S3


Prerequisites

INFO

Datameer X needs to have the appropriate access level to establish a connection to a certain S3 bucket.

For that, you need the permission to the bucket's root folder with 'ListBucket'. Giving the permission to a subfolder instead, the connection attempt will fail.

Configuring S3 as a Connection

In order to import and export from S3, you must first create a connection.

  1. Click the + (plus) button and select Connection or right-click in the browser and select Create new > Connection.
  2. From drop-down list, select S3  as the connection type. Click Next.
  3. Add your S3 bucket name
    Select if you want to authenticate through an access key and secret code or using IAM Role. (Datameer supports import/export from/to S3 encrypted buckets.)
    Add the root path prefix, if necessary.
    Indicate if the connection should be used for import, export, or both.

    As of Datameer 7.4

    Encryption support has been implemented. Select between Amazon Web Services' AES256 and KMS.

  4. Click Next.
  5. If required, add a description and click Save.

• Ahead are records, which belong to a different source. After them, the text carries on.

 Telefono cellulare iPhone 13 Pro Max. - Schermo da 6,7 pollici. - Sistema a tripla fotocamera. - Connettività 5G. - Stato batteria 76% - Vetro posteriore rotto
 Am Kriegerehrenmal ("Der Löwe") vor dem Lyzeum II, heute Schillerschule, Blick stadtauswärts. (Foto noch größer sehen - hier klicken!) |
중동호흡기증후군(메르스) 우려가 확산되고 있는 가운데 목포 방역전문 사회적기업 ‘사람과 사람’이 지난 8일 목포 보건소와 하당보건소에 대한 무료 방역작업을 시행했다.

Importing Data with a S3 Connector

This connector isn't able to import from S3 buckets without access to read the metadata over the  getObjectMetadata() method.

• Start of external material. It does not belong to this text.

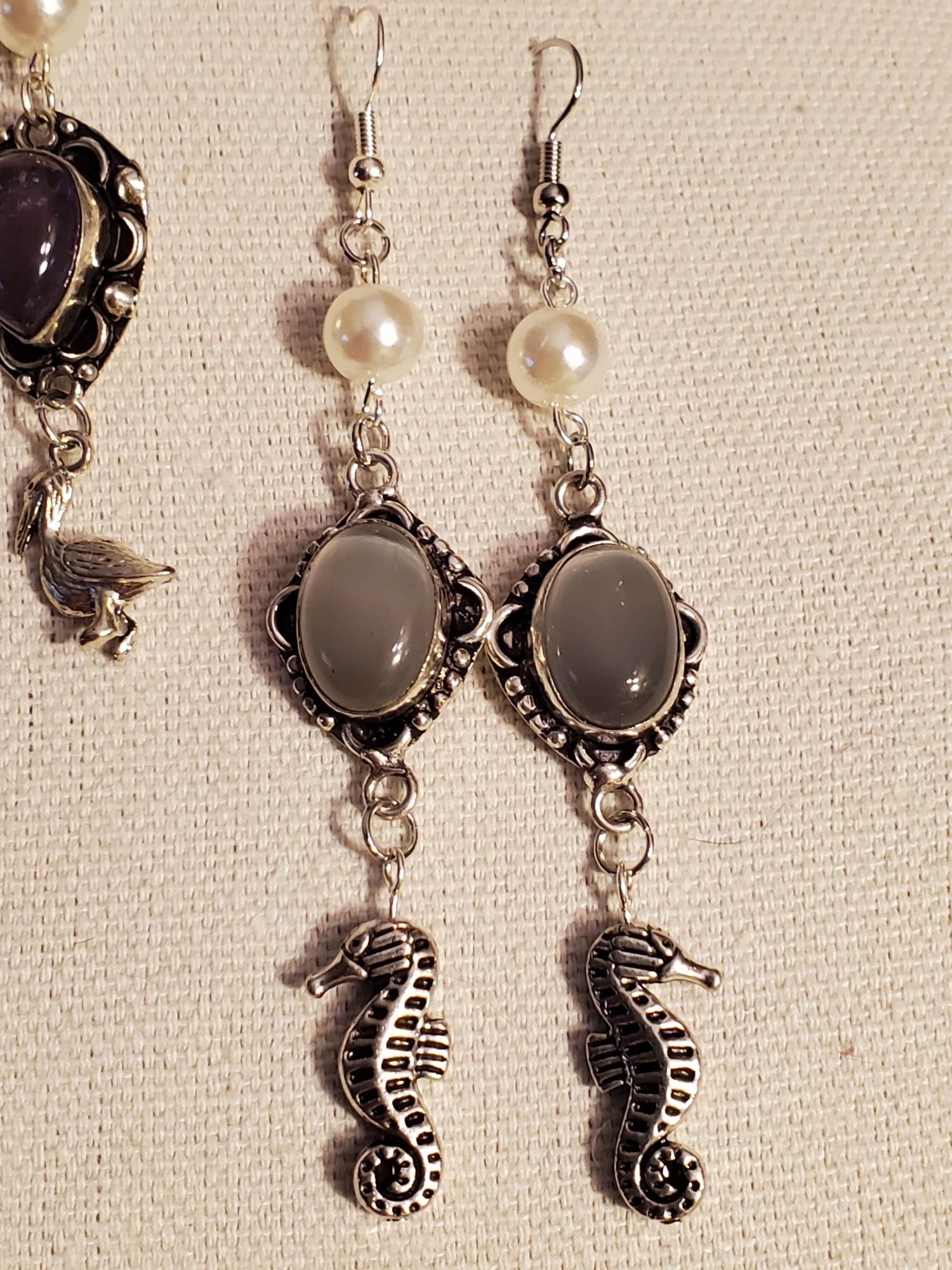 Moonstone Seahorse Ear Rings - Silver Gray Moonstone , Pearls in Sterling Silver
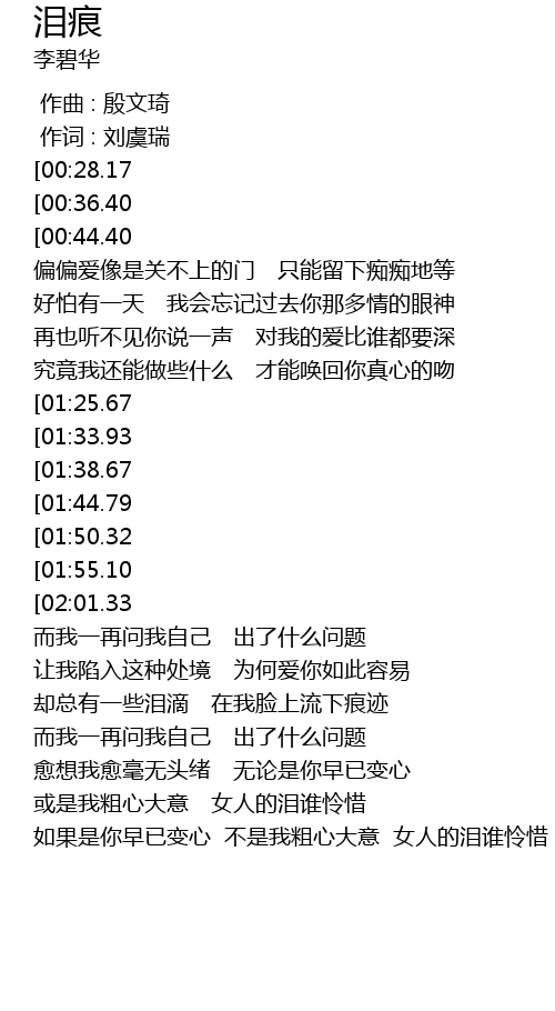 | [03:32.32][02:01.33] | 或是我粗心大意 女人的泪谁怜惜 |

After configuring a connection to S3, you can set up an import job to access the connection.

  1. Click the + (plus) button and select I mport Job or right-click in the browser and select Create new > Import job.
  2. Click Select Connection and choose the name of your S3 connection (here - S3_Connection) then click Next.
  3. Enter the file or folder path and the delimiter.
    Click Next.

    As of Datameer 7.4

    Datameer has added the Remote Data Browser feature. This file browser gives you a visual interface to select the file from your S3 bucket for which to import.

    The filter box at the top of the Remote Data Browser can be used to find folders/files within the current directory.

  4.  A preview of the imported data is displayed. Review the schema.
  5. Review the schedule, data retention, and advanced properties for the job.
  6. Add a description, click Save, and name the file.